ARBS / docs /true-ternary /TRUE-TERNARY-REFACTOR4.md
CLIWorks's picture
Upload folder using huggingface_hub
d8bc908 verified
# True Ternary Refactor 4 — True Ternary Exponent Dynamics
## Scope
Phase 9 was originally planned as "Ternary-FP8 Hybrid Precision Bridge" — upgrading E buffers from int8 log2 to float8_e4m3fn. An exploration session determined this approach was architecturally wrong: FP8 E reintroduces IEEE float mantissa/exponent into a system designed to eliminate it.

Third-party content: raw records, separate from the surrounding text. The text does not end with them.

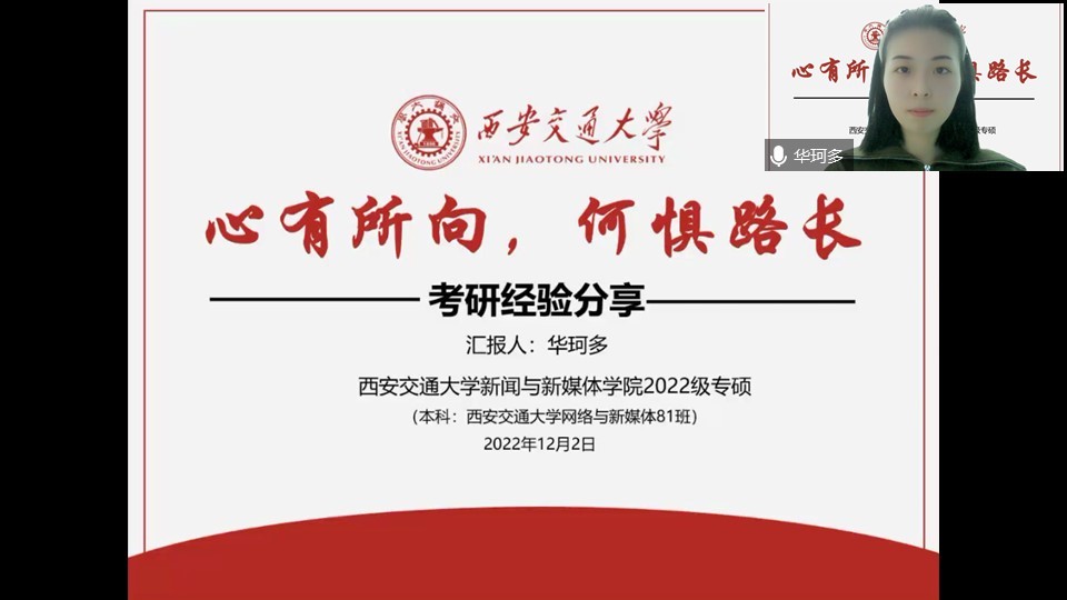 张婉柔和华珂多分别就保研和考研的准备工作进行了分享。张婉柔详细讲解了保研的资格获取、志愿填报、面试技巧等,鼓励同学们早做准备、做两手准备,保持良好的心态,不因一时的挫折放弃读研的信心。华珂多就考研笔试向同学们进行了详细的介绍,她分享了自己在复习各科目时的方法和时间安排,提醒同学们要重视每一门笔试科目,要相信自己的付出与实力,克服紧张情绪,在笔试中发挥出自己应有的水平。
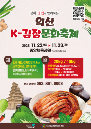 익산시가 김치 명인과 함께하는 'K-김장문화축제'를 올해도 개최한다. 이번 축제는 김치와 김장문화를 주제로 한 대표 체험형 행사로, 익산 지역 농산물을 활용한 건강한 김장 체험과 다양한 교육 콘텐츠가 ..
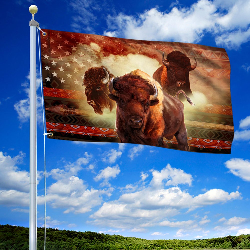 Native American Grommet Flag Bison Cows BNT208GFv1CT
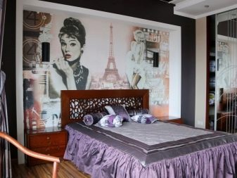 The option with posters is even more used - it is simply taken from a printing and design quality poster that alone (or in tandem, a trio) hangs over the headboard. A poster is not a picture, it can be unexpected, catchy, challenging. For example, you are an admirer of Freddie Mercury, and you would like to reflect this reverence in the interior. Just a portrait of the artist may not be impressive as part of the interior, but the graphic or “cartoon” image of the singer, the abstract vision is more interesting.
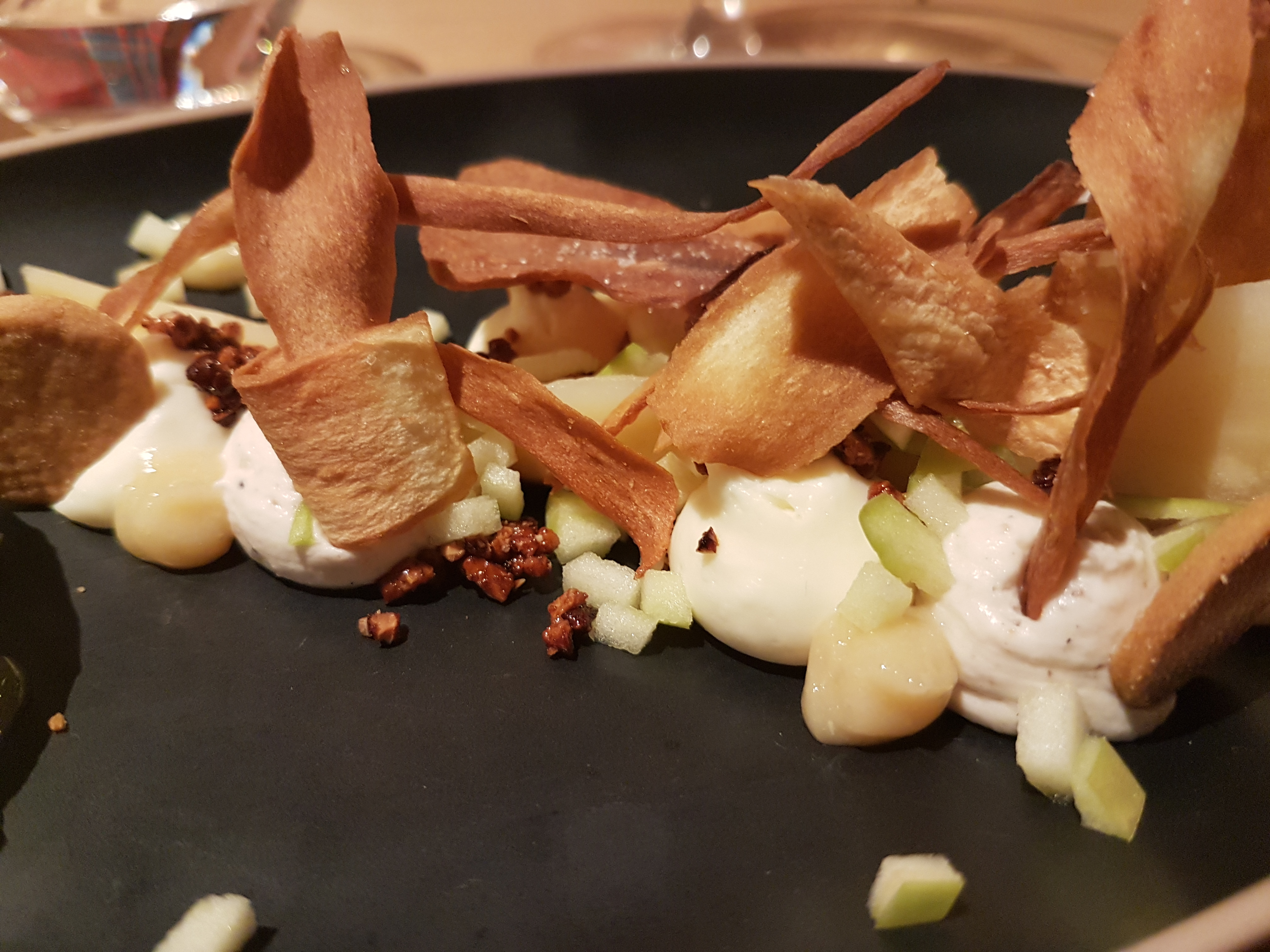 - dessert: panais – namelaka chocolat blanc – pommes grany smith – amandes

The phase was replanned as **True Ternary Exponent Dynamics**, replacing the FP8 approach with the mathematically-correct logarithmic scaling system.
This refactor implements the first three waves of the replanned Phase 9.
## What Changed
### Architecture Decisions (from exploration session)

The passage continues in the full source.